Wissenschaftler in aller Welt haben erkannt, dass ein Schläfchen nach dem Mittagessen nicht nur gut für die Gesundheit ist, sondern auch die Effektivität bei der Arbeit fördert. Dennoch müssen die Spanier zunehmend auf ihre ausgiebige Mittagsruhe verzichten. Die Siesta - für viele ein urspanisches Kulturgut wie der Flamenco oder der Stierkampf - droht der Globalisierung und dem Diktat der wirtschaftlichen Konkurrenz zum Opfer zu fallen.
Supermärkte und Kaufhäuser in spanischen Großstädten sind mittags durchgehend geöffnet. Großbetriebe und Fabriken nehmen immer weniger Rücksicht auf die Tradition der Siesta. Nach Schätzungen finden nur noch zehn bis 20 Prozent der Spanier Gelegenheit, während der Mittagspause ein Nickerchen zu halten. Eine Expertenkommission dringt nun darauf, dass die Spanier sich von ihrer dreistündigen Mittagspause ganz verabschieden und ihre Arbeitszeiten den Gepflogenheiten in den anderen europäischen Ländern anpassen sollen.
Durch die Siesta haben die Spanien später Feierabend
Das Gremium von Wissenschaftlern, Politikern, Unternehmern und Gewerkschaftern stellt in einem Bericht fest, dass die lange Pause in jeder Hinsicht von Nachteil sei. Die ausgiebige Mittagspause vermindert nach Ansicht der Experten die Arbeitseffektivität und drückt damit auf die Wettbewerbsfähigkeit der Wirtschaft. Spanien verfügt im Vergleich mit anderen EU-Ländern ohnehin über eine niedrige Produktivität, wie am Defizit in der Handelsbilanz abzulesen ist. Seit der Einführung des Euro ging die Konkurrenzfähigkeit noch weiter zurück.

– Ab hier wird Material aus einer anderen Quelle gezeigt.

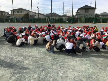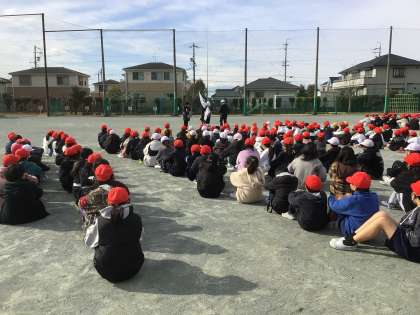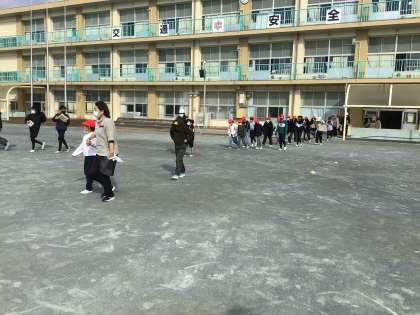 ある日突然地震が来ても自分自身で考えて避難できるようにするために、いつ訓練を行うのかを子どもたちに知らせずに実施しました。朝日タイムに行いましたが、すばやくしゃがんで避難することができました。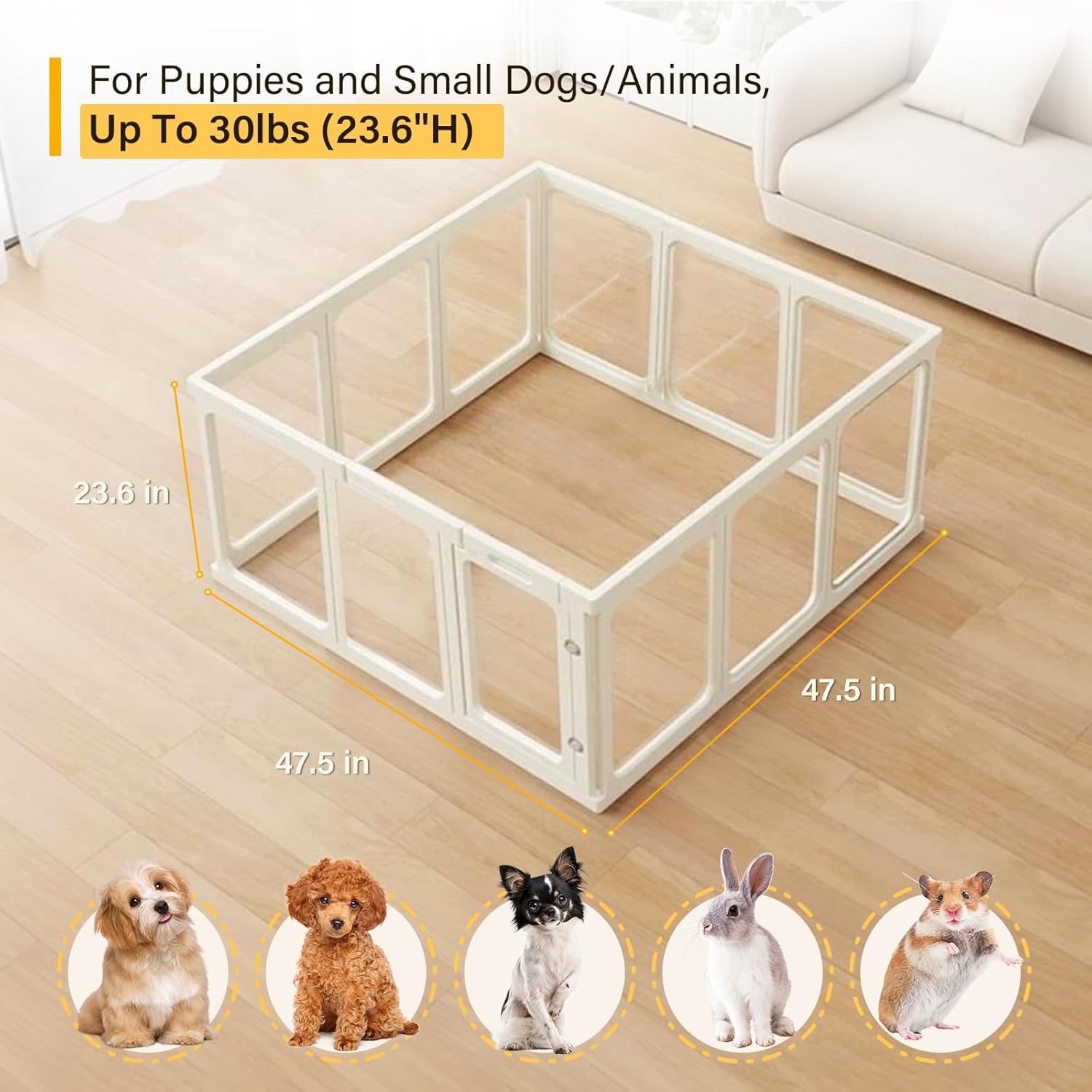 - 【Spacious Design】 With dimensions of 47.5in L x 47.5in W x 23.6in H and 12 panels, this clear dog play pen provides ample space for your pets to move around comfortably. The spacious design ensures they have plenty of room to play and explore.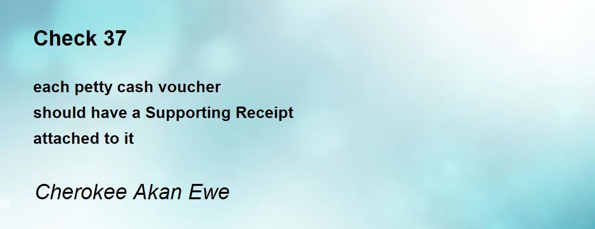 each petty cash voucher should have a Supporting Receipt attached to it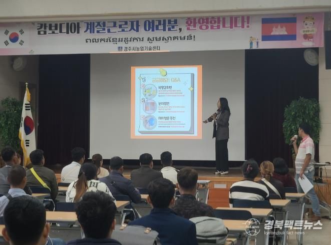 주낙영 경주시장은 “현재 지역 농가에 투입되는 캄보디아 근로자들의 60% 이상이 재입국자로 이미 경주는 계절근로자 프로그램이 정착 단계에 접어들었다”라며 “앞으로도 계절근로자 운영에 힘써 전국 최우수 지자체로 자리매김하겠다”고 말했다.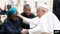 ብጥሩፋት ጉጅለ ቦኮ-ሓራም ኣብ ናይጀሪያ ተጨውየን ነይረን ድሕሪ ነዊሕ ምክልባት ዘምለጣ ክልተ ደቀንስትዮ ምስ ርእሰ ሊቃነ-ጳጳሳት ካቶሊካዊት ቤተ-ክርስትያን ፍራንሲስ ተራኺበን፡ተዘራሪበን።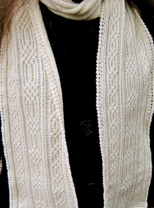 This is a pattern for a true alpine cabled scarf (as opposed to Aran cabling, which is the more familiar way of cabling). The knit stitches are knit primarily through the back loop, and although the scarf is not reversible, it is cabled on both sides. It is centered with a turtleneck that will keep you warm in spite of the lighter weight yarn.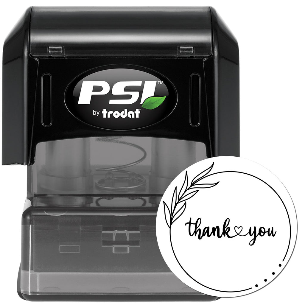 - VERSATILE CUSTOM DESIGN: Elegant 1-5/8" round stamp featuring graceful leaf motif and modern script. Personalized "thank you" message with decorative heart detail adds sophistication to your correspondence.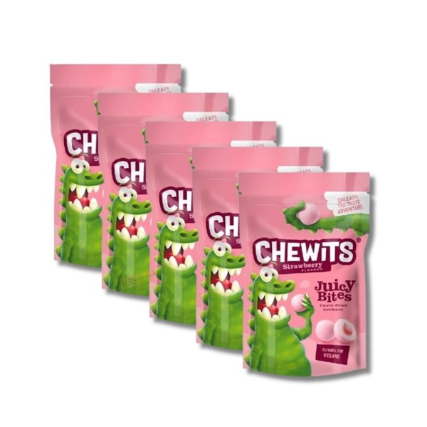 Chewits Raspberry, Strawberry, Apple & Lemon Sour Juicy Bites - 115g - 5x Multi Pack (5, Chewits Strawberry)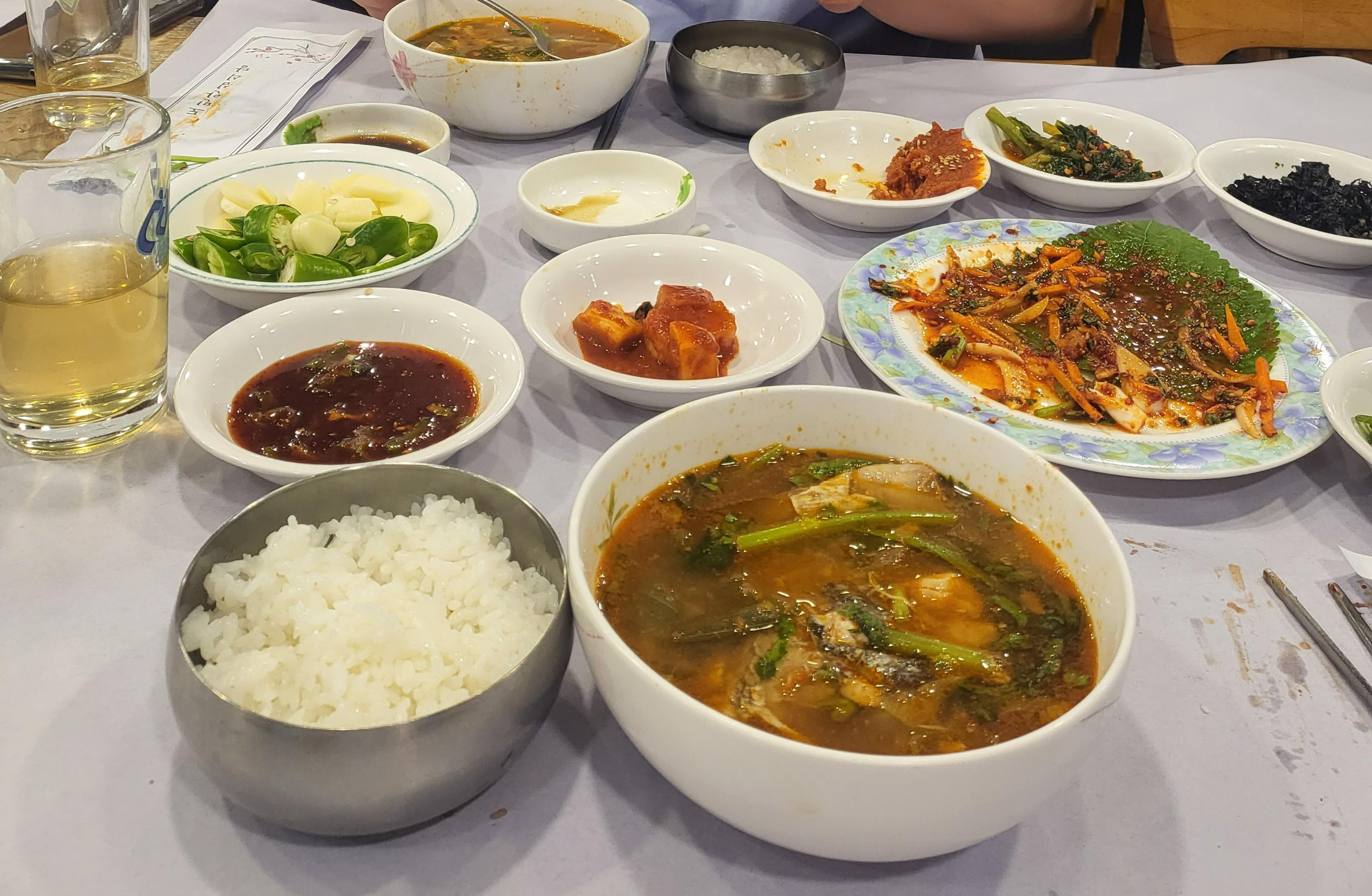 영란회집의 하이라이트 매운탕이 나올 땐, 밑반찬이 조금 바뀐다. 민어가 기름기가 꽤 있는 생선이라 국물도 깊고 고소하다.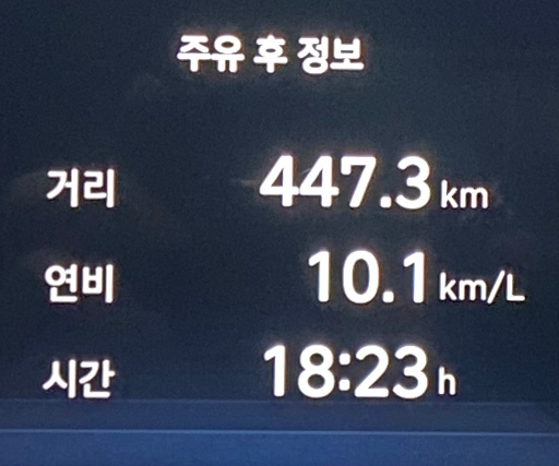 이번 가득 주유까지 총 주행거리는 447.3km 이고 계산된 연비는 약 10.01km/L 입니다. 트립상 연비는 10.1km/L 입니다.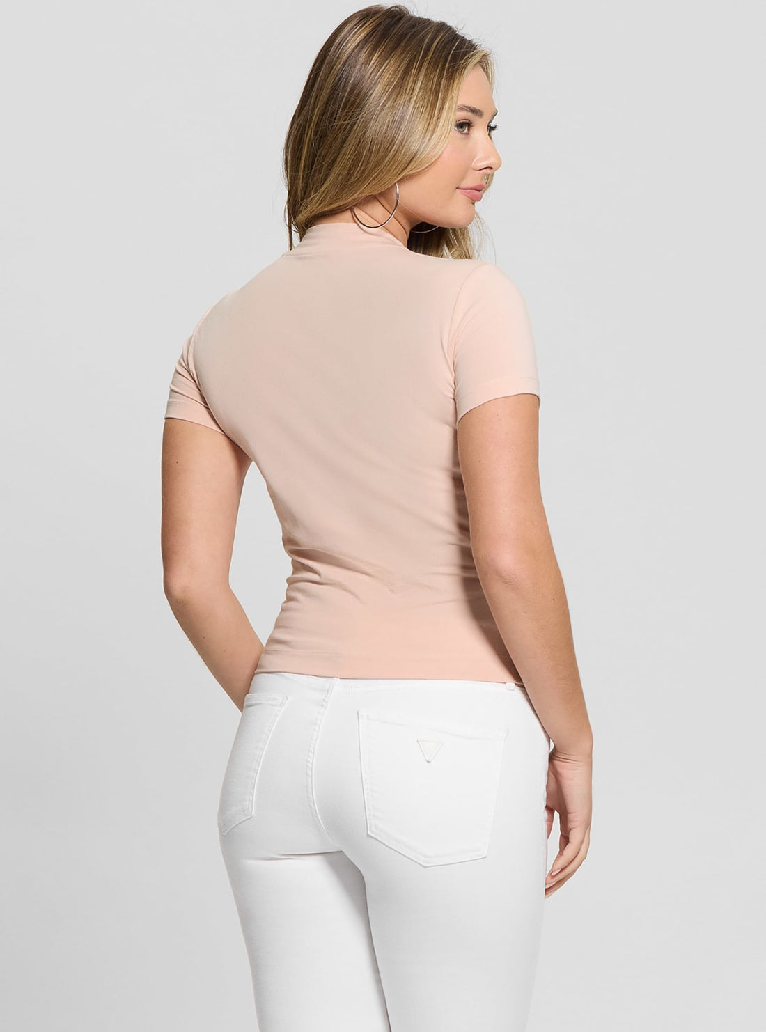 Pink Mock Neck Top Pink Mock Neck Top Full View Pink Mock Neck Top Crop View Pink Mock Neck Top Close Up Pink Mock Neck T-Shirt

Die Siesta hat zur Folge, dass die Spanier später Feierabend haben als fast alle anderen Europäer. Sie arbeiten normalerweise von 9.00 bis 14.00 und von 17.00 bis 20.00 Uhr. Für das Familienleben bleibt da kaum Zeit. Die Folge: Spanien hat eine der niedrigsten Geburtenraten der Welt. Da in der Mittagspause kaum noch jemand schläft, leiden die Spanier unter chronischem Schlafmangel. Nach einer Studie schlafen sie im Durchschnitt pro Tag 40 Minuten weniger als die anderen Europäer.
Experten raten den Spaniern die Greenwich-Zeit
Während die Siesta in Spanien, vom Schriftsteller Camilo José Cela dereinst als die "iberische Form des Joga" gepriesen, zunehmend verschwindet, entdecken andere Länder die Vorzüge eines mittäglichen Nickerchens. Studien in amerikanischen Unternehmen ergaben, dass Mittagsschläfchen die Aufmerksamkeit, das Denkvermögen und die Produktivität der Mitarbeiter verbesserten. Manche Firmen richteten für ihre Beschäftigten "nap rooms" (Nickerchen-Räume) ein, was nebenbei einen starken Rückgang des Kaffeekonsums zur Folge hatte.
Die spanischen Arbeitszeiten unterscheiden sich nicht nur in der Mittagspause von denen in anderen europäischen Ländern. Der Arbeitstag beginnt und endet auch später als im übrigen Europa. Die Experten führen dies darauf zurück, dass in Spanien die "falsche Zeit" gelte. Spanien habe sich im 19. Jahrhundert "aus politischen Gründen" für die Mitteleuropäische Zeit entschieden, obwohl es auf derselben geografischen Länge liege wie Großbritannien. "In keinem Land der Welt geht so spät die Sonne auf wie in Spanien", heißt es in dem Bericht. Als Lösung fordern die Experten, die Spanier sollten wie ihre portugiesischen Nachbarn die Greenwich-Zeit einführen, mit einer Stunde Unterschied zu Deutschland.